* _Material provided_

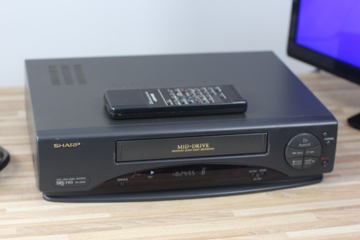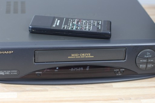 Magnetowid Sharp VC-239 wraz z pilotem . Magnetowid w pełni sprawny , mechanizmy działają bezproblemowo . W zestawie pilot oraz kabel Euro .
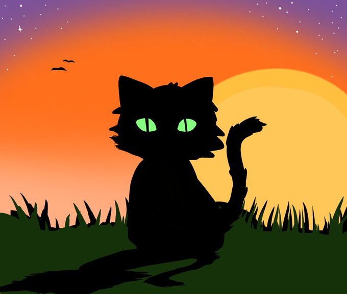 0 6 黒猫の旅 #イラスト #デジタルイラスト #黒猫 #夕焼け #猫 22/09/11 21:03
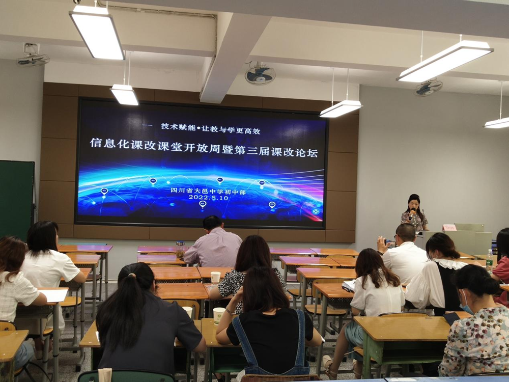 我校信息化课改班的家长代表,大邑县教育局中学教研室部分领导,全县信息化课改学校、崇州市信息化课改学校等教师代表参加了本次活动。

* _Task description_
Only the pictures are to be dropped; the rest of the material above must be duplicated exactly.

* _Response_
 Magnetowid Sharp VC-239 wraz z pilotem . Magnetowid w pełni sprawny , mechanizmy działają bezproblemowo . W zestawie pilot oraz kabel Euro .
 0 6 黒猫の旅 #イラスト #デジタルイラスト #黒猫 #夕焼け #猫 22/09/11 21:03
 我校信息化课改班的家长代表,大邑县教育局中学教研室部分领导,全县信息化课改学校、崇州市信息化课改学校等教师代表参加了本次活动。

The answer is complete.